Instructions to follow:
Below is a listing with pictures. Repeat exactly the lines starting at the one holding "FatFace Black Harper Embroidered Midi Skirt" and going on through the one holding "Voir votre bébé", and leave every picture out.

Entries provided:
#####
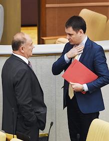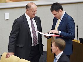 Лидер Коммунистической партии России Геннадий Зюганов (слева) во время заседания Государственной…
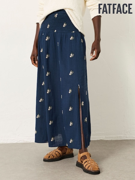 FatFace Black Harper Embroidered Midi Skirt
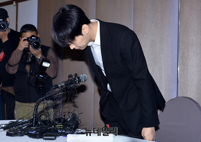 [포토] 기자회견 참석해 고개숙여 인사하는 박유천
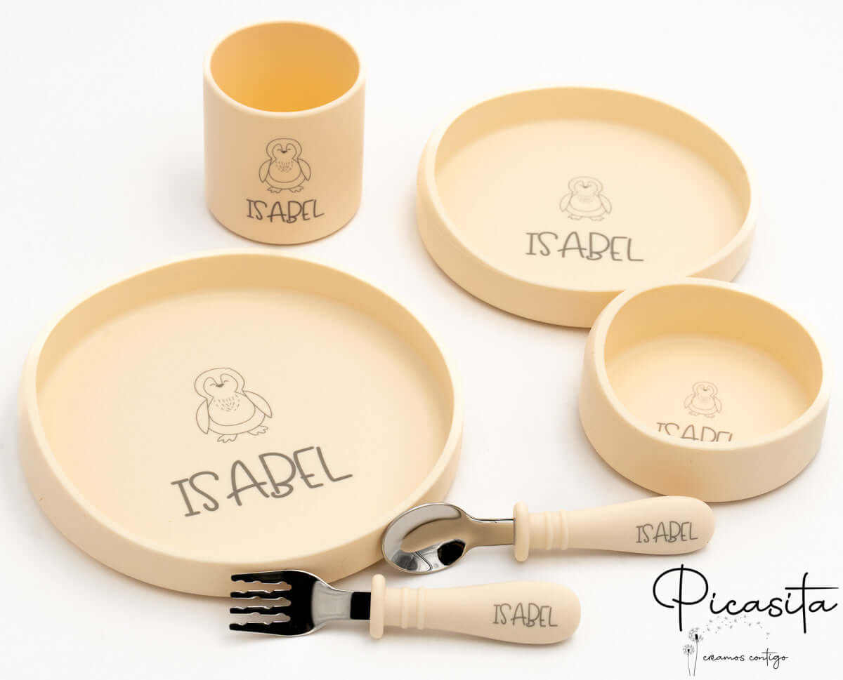 Voir votre bébé faire ses premiers pas vers l'alimentation autonome est une étape passionnante et pleine de découvertes. Chez picasita, nous savons que ce processus demande patience, amour et les bons outils. C’est pourquoi nous avons conçu une vaisselle enfant personnalisée qui facilite non seulement l’apprentissage, mais devient aussi un souvenir précieux de son enfance. Chaque pièce est pensée pour s’adapter à ses petites mains, offrant sécurité et confiance à chaque bouchée, tandis que son nom et son animal préféré l’accompagnent à table.
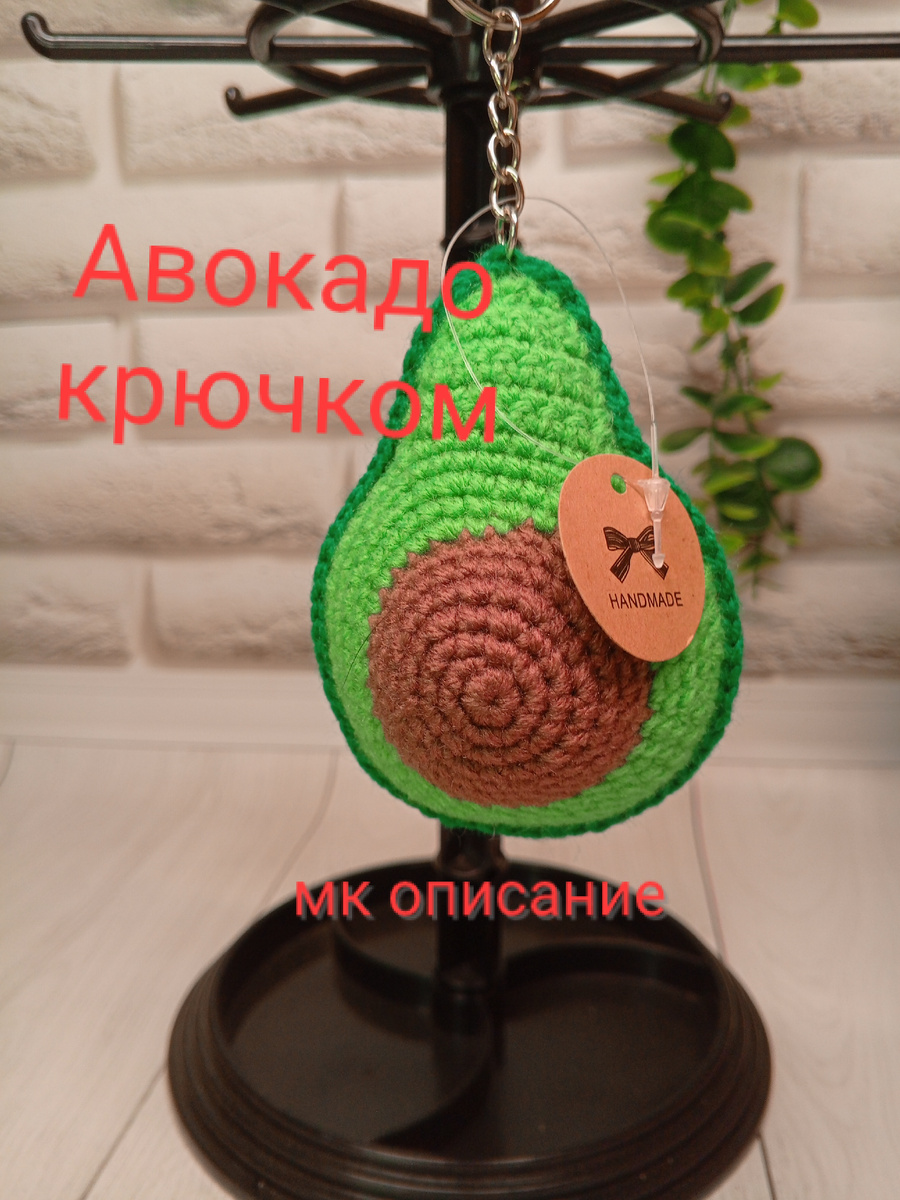 Как связать авокадо брелок крючком Всем здравствуйте! Сегодня предлагаю Вам связать такое авокадо. Это может быть брелком, обвесом или просто игрушка в коллекцию еды. Описание из интернета от автора @ma_mashkina. Вам описание, а мне в копилку) Вяжется без сложностей, справится и новичок. Начинаем, Всем хорошего настроя!) Материалы: пряжа может быть любая и подходящий крючок. Я вязала из пряжи *детская новинка* и крючок у меня 2,5. Получился брелок 10см. Понадобиться наполнитель. По желанию Вы можете использовать еще и глазки. Коричневая и зеленая полусферы (косточка и мякоть) 1р. 6сбн в КА 2р. 6пр (12) 3р. (1сбн, по)*6 (18) 4р. 1сбн, (пр, 2сбн)*5, пр, 1сбн (24) 5р. (1пр, 3сбн)*6 (30) 6-7р. 30 сбн (для зелёной мякоти провязать еще и 8-ой ряд сбн) Мякоть обеих половинок 1р. Где косточка (выпуклая), вяжем за переднюю стенку петли, а где мякоть (вогнутая)-за заднюю: 2сбн, (пр, 4сбн)*5, пр, 2сбн (36) 2р. Этот и последующие ряды за обе стенки: (пр, 5сбн)*6 (42) 3р. 3сбн, (пр, 6сбн)*5, пр,
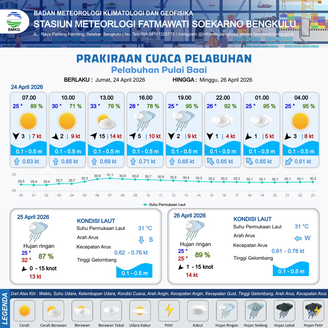 13 Apr 26, 10.00 10 hari 23 jam yang lalu | Barat Daya 8 kt Gust Peningkatan kecepatan angin yang singkat dan tiba-tiba : 8 kt | 0.6 m Rendah | Tenggara 0.9 Knot | 10 km | 29 °C | 77 % | +0.49 m | |
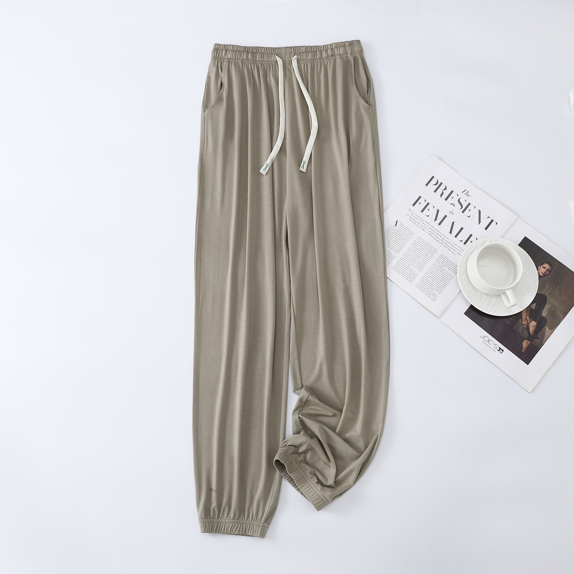 여름 남자의 모달 남자의 아이스 실크 얇은 바지 여름 플러스 사이즈 가정용 바지 안티 모기 바지 에어컨 파자마 바지스토어 가기
#####
Your response:
 FatFace Black Harper Embroidered Midi Skirt
 [포토] 기자회견 참석해 고개숙여 인사하는 박유천
 Voir votre bébé faire ses premiers pas vers l'alimentation autonome est une étape passionnante et pleine de découvertes. Chez picasita, nous savons que ce processus demande patience, amour et les bons outils. C’est pourquoi nous avons conçu une vaisselle enfant personnalisée qui facilite non seulement l’apprentissage, mais devient aussi un souvenir précieux de son enfance. Chaque pièce est pensée pour s’adapter à ses petites mains, offrant sécurité et confiance à chaque bouchée, tandis que son nom et son animal préféré l’accompagnent à table.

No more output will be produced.